The takeaway from this is to be careful. Anti-malware software is available for your phone like it is for your computer. Only download software from trusted sites and be sure to read reviews before installing (I know I’ve not installed many software titles just because the reviews said they sucked or didn’t act as advertised). Be extra careful if you choose to “jailbreak” your iPhone or gain root access to your Android phone. If you allow your children to play with your phone, be sure to approve any app they wish to install prior to its installation.

I’ve not discussed the current mobile offering from Microsoft. Regardless of its merits, the iPhone and Android represent the lion’s share of smartphones today.

It’s time to protect your Mac

Saturday, February 19th, 2011

For quite some time I’ve been recommending the Macintosh for general usefulness and how it tends to have a much reduced problem with viruses and other forms of malware.  Now, however, it appears that the bad software is getting more common and they are targeting the Mac more often.
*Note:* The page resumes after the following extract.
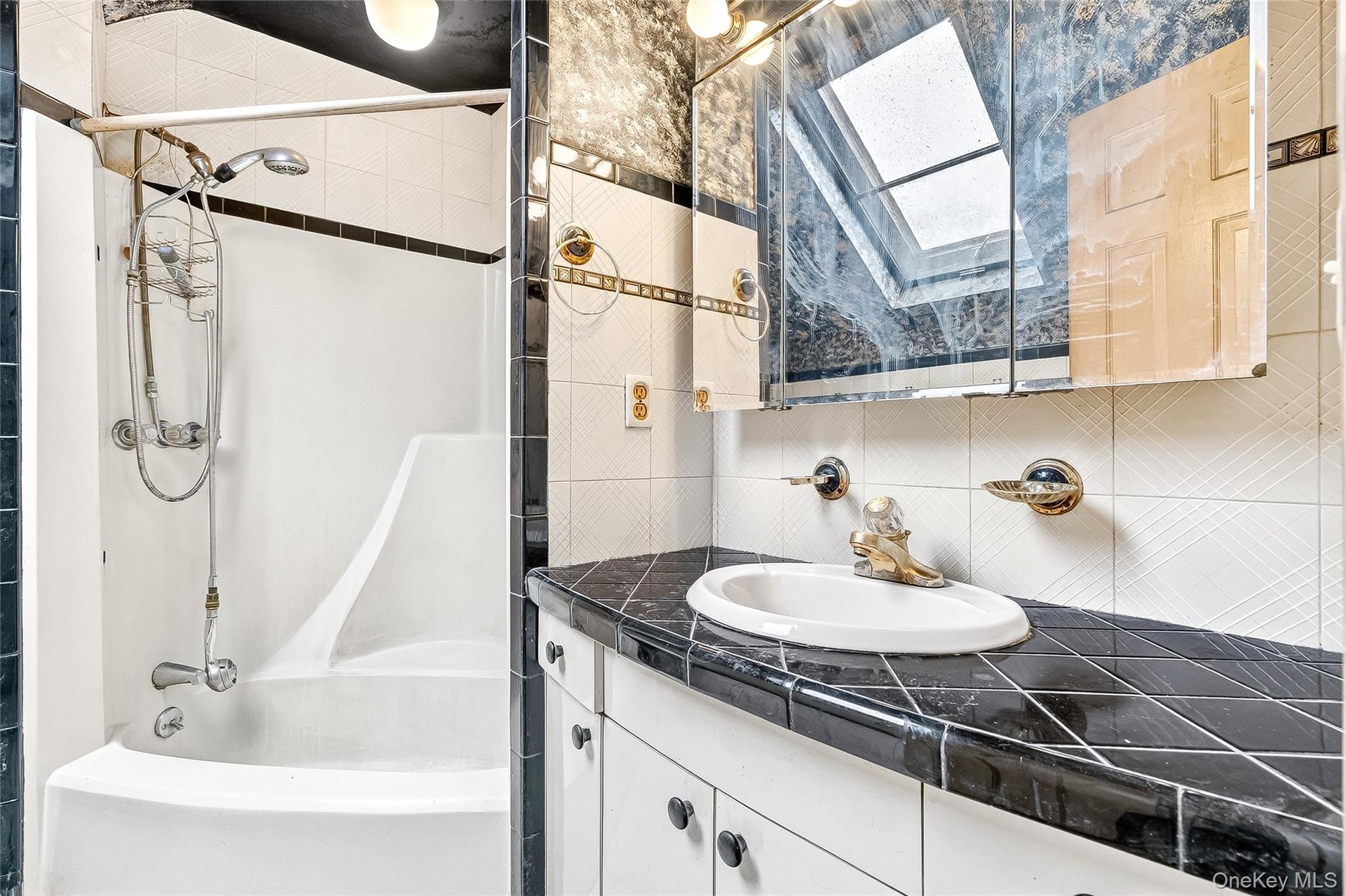 - Bathroom featuring vanity, shower combination, tile walls, and tasteful backsplash
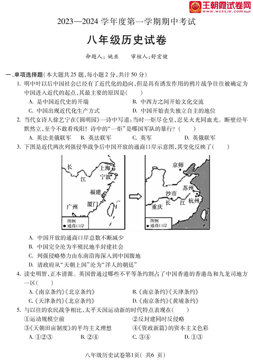 安徽省宣城市第六中学2023-2024学年度第一学期期中考试八年级历史(人教版)

While I believe the Mac can be made much more secure than a PC more easily (and with fewer inconveniences to the user as a result), my opinion has always been that the primary security feature of the Mac is that there are fewer of them and most of the bad software targets Windows.  There have been some examples recently of malware targeting not only the Mac, but Linux as well.
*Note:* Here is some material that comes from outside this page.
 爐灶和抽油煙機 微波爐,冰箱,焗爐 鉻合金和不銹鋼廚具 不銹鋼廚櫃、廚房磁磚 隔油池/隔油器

Sophos has an article which details the history of malware on the Macintosh.  It’s not pretty to think how sophisticated the bad guys are getting with how they are able to target the Mac and other platforms with the same malware.  The attack vector is usually the same for all in that it tells you that you need to install some software to see a video.  The malware determines which operating system you are using and tells you to download the file which works on your computer.

I’ve recommended free antivirus software for Windows for many years.  My current favorite is Microsoft Security Essentials.  Other free antivirus is available from Avast, AVG, and Avira.  There’s also the open source ClamWin, but I don’t recommend it for most people.  Until recently, the only free option on the Mac was the open source ClamXav.  Again, I wouldn’t recommend it for most people.  Back in November, Sophos introduced a free commercial-grade antivirus for the Mac.  Like the free Windows options, it’s only available for home users for free.

Sophos is a bigger name in Europe than it is in the US.  They’ve been doing antivirus solutions for many years and I trust their product.  I’ll be putting it on my Macs at home and I recommend that you do the same with yours.